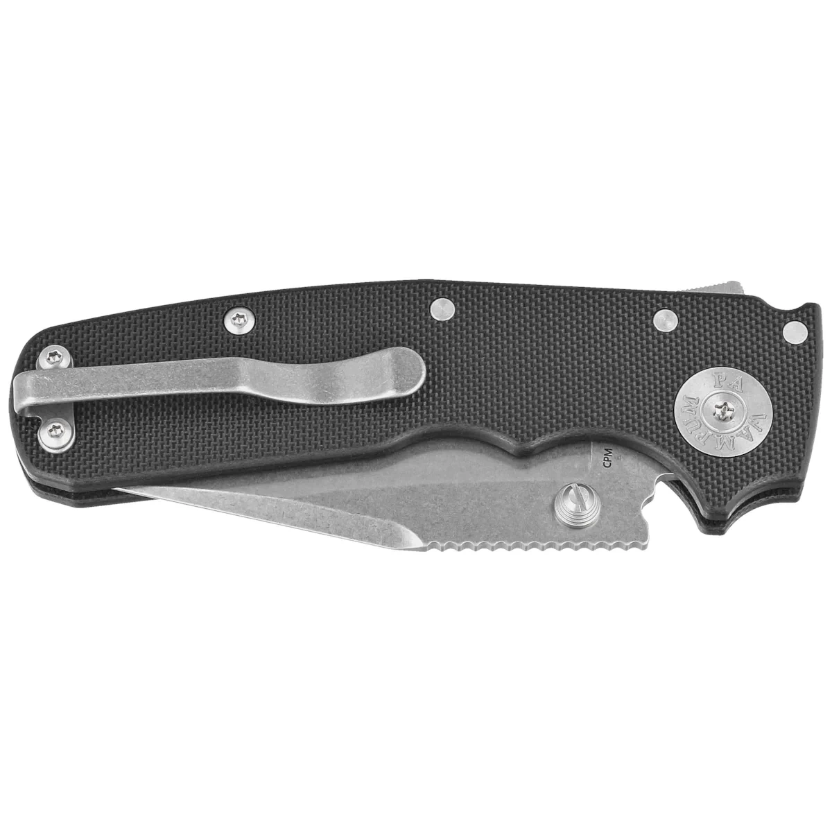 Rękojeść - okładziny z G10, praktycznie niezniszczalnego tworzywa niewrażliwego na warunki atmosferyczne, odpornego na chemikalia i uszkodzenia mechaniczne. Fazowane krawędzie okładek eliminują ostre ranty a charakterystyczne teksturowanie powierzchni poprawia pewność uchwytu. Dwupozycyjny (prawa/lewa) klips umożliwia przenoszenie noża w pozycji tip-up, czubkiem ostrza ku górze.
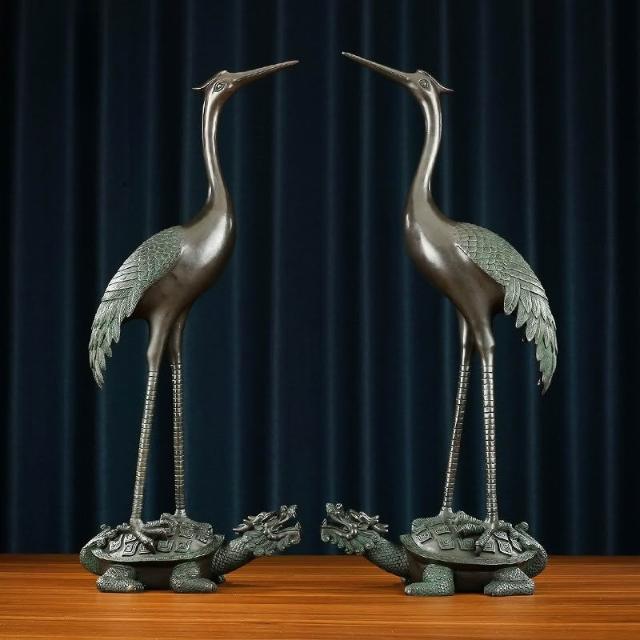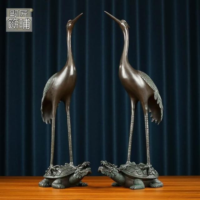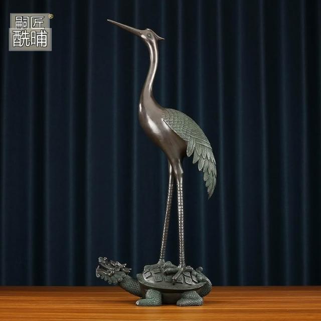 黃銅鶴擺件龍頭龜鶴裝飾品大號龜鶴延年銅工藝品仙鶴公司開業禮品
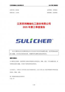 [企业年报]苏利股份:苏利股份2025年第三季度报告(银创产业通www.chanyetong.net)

■ **WHAT TO PRODUCE**: Retype all of the data above word for word, excluding the pictures.

■ **ANSWER TO THIS EXERCISE**:
 Rękojeść - okładziny z G10, praktycznie niezniszczalnego tworzywa niewrażliwego na warunki atmosferyczne, odpornego na chemikalia i uszkodzenia mechaniczne. Fazowane krawędzie okładek eliminują ostre ranty a charakterystyczne teksturowanie powierzchni poprawia pewność uchwytu. Dwupozycyjny (prawa/lewa) klips umożliwia przenoszenie noża w pozycji tip-up, czubkiem ostrza ku górze.
 黃銅鶴擺件龍頭龜鶴裝飾品大號龜鶴延年銅工藝品仙鶴公司開業禮品
 [企业年报]苏利股份:苏利股份2025年第三季度报告(银创产业通www.chanyetong.net)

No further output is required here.